Hey Love Doc,I have recently been through a break up of a quite serious relationship. This was about 2 months ago and it really has messed with my head, I keep thinking about how it could have been different etc, to the point where I am now having panic attacks/anxiety attacks. I suddenly get this overload of intense unidentifiable emotion, I feel like the blood drops out of my face, I feel like I don't even know who I am...
I have always been a very stable person and have never dealt with anything like this before and I have no idea what to do or who to talk to...
I have a friend who struggles in relationships and is either really up or really down about how things are going.

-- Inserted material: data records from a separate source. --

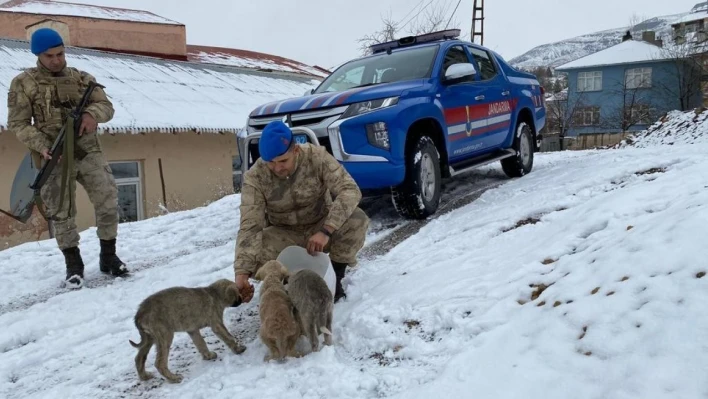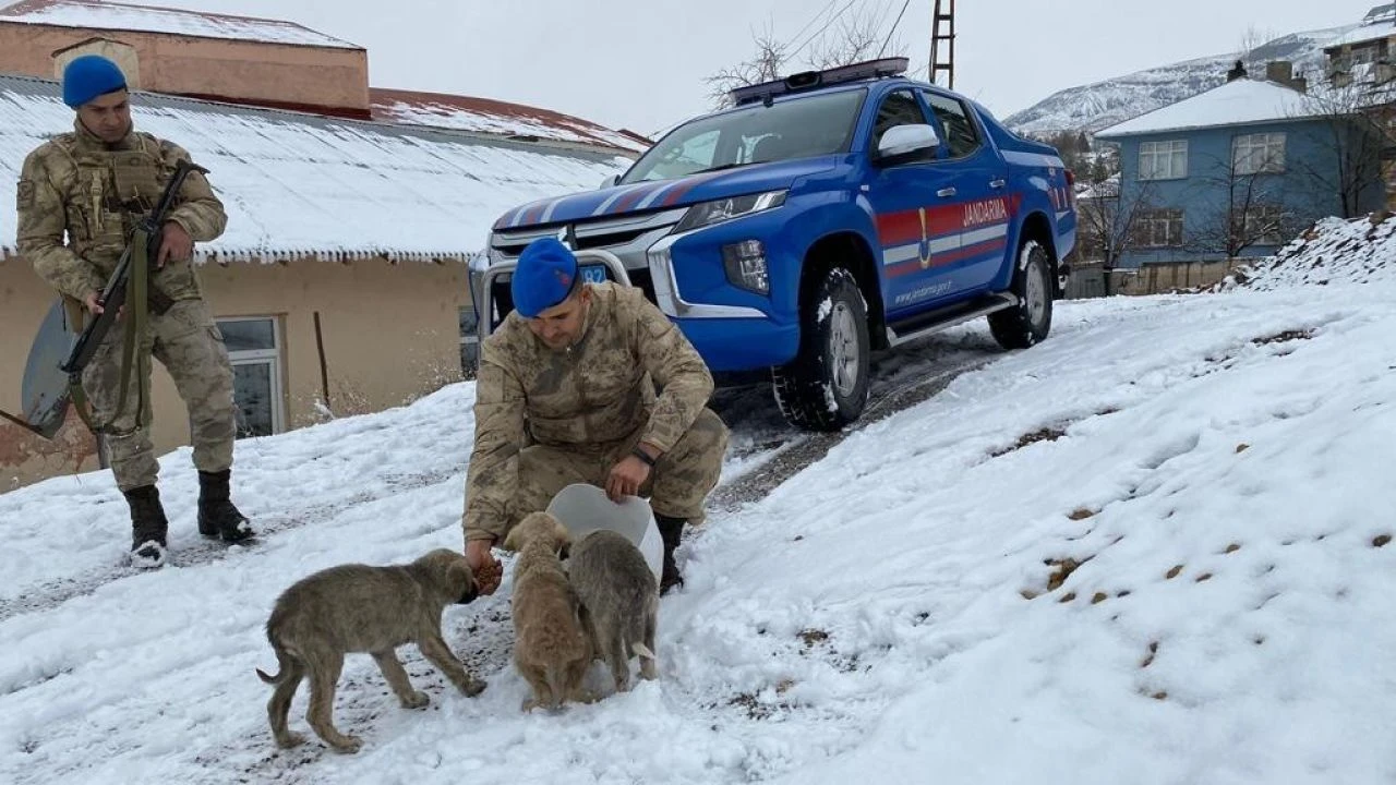Tunceli'nin Pülümür İlçe Jandarma Komutanlığı personeli, yoğun kar yağışının ardından sokak hayvanları için kulübe yapıp mama dağıttı.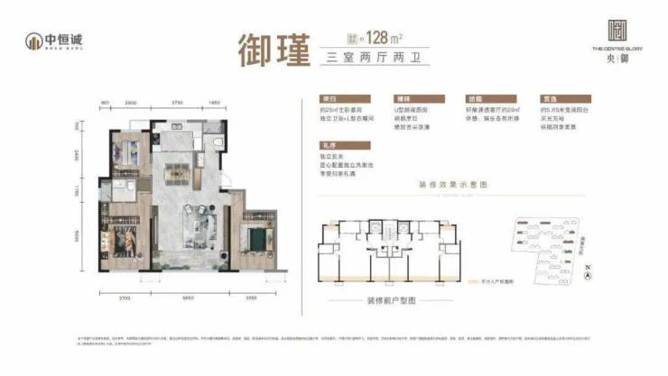 它的所有户型都是户型方正、南北通透、动静分离的设计,在细节做到入户玄关、南向宽景阳台设计,减少空间浪费。【央御】将产品定位为建面约119-143㎡的三居四居,充分满足人居不同需求。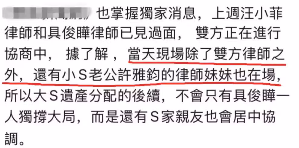 許雅鈞富豪姐姐出動:幫大S打遺產官司,為具俊曄解決房產問題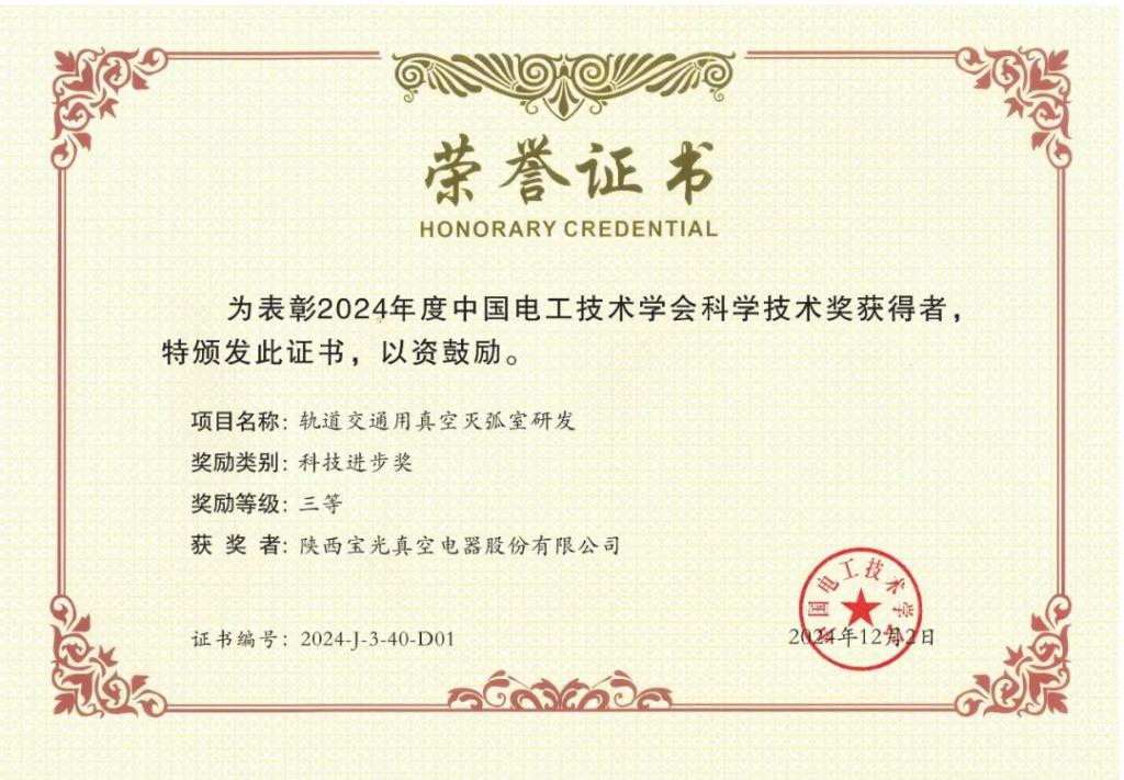 項目名稱:軌道交通用真空滅弧室研發(fā)。項目簡介:本項目研發(fā)出的BGH2570、BGH2580、BGH2590/R、BGH2530等系列化產品,可替代進口產品。4種產品全部通過了裝車運行驗證,部分產品實現(xiàn)了小批量供貨。其中BGH2570型產品于2023年9月通過了中國機械工業(yè)聯(lián)合會產品鑒定,技術水平達到國際領先。2021年至2024年累計銷量超過1000只,累計銷售額超過超過600萬元。

From conversations I've had with him I think he lacks a lot of self worth.
Can this be what causes his relationship issues or are these things generally independent issues.
Hey Love Doc,
How should a person respond to someone who is in denial? I have a very good friend whose wife is cheating on him, but he chooses not to see it. Should I make him face reality?
A while ago now a good friend of mine took to an online relationship to a guy from America with connections in Nigeria. I was very suspicious, after she sent him money, but she assured me that it was okay.
Turns out he was scamming her. But the love that she has for him is so intense that she has now overlooked what has happened and the relationship has continued.
I don't bring up concerns that I have anymore because she has had enough of it with everyone else around her and I don't want to be another one of those people. But is there anything else I could or should be doing as a friend?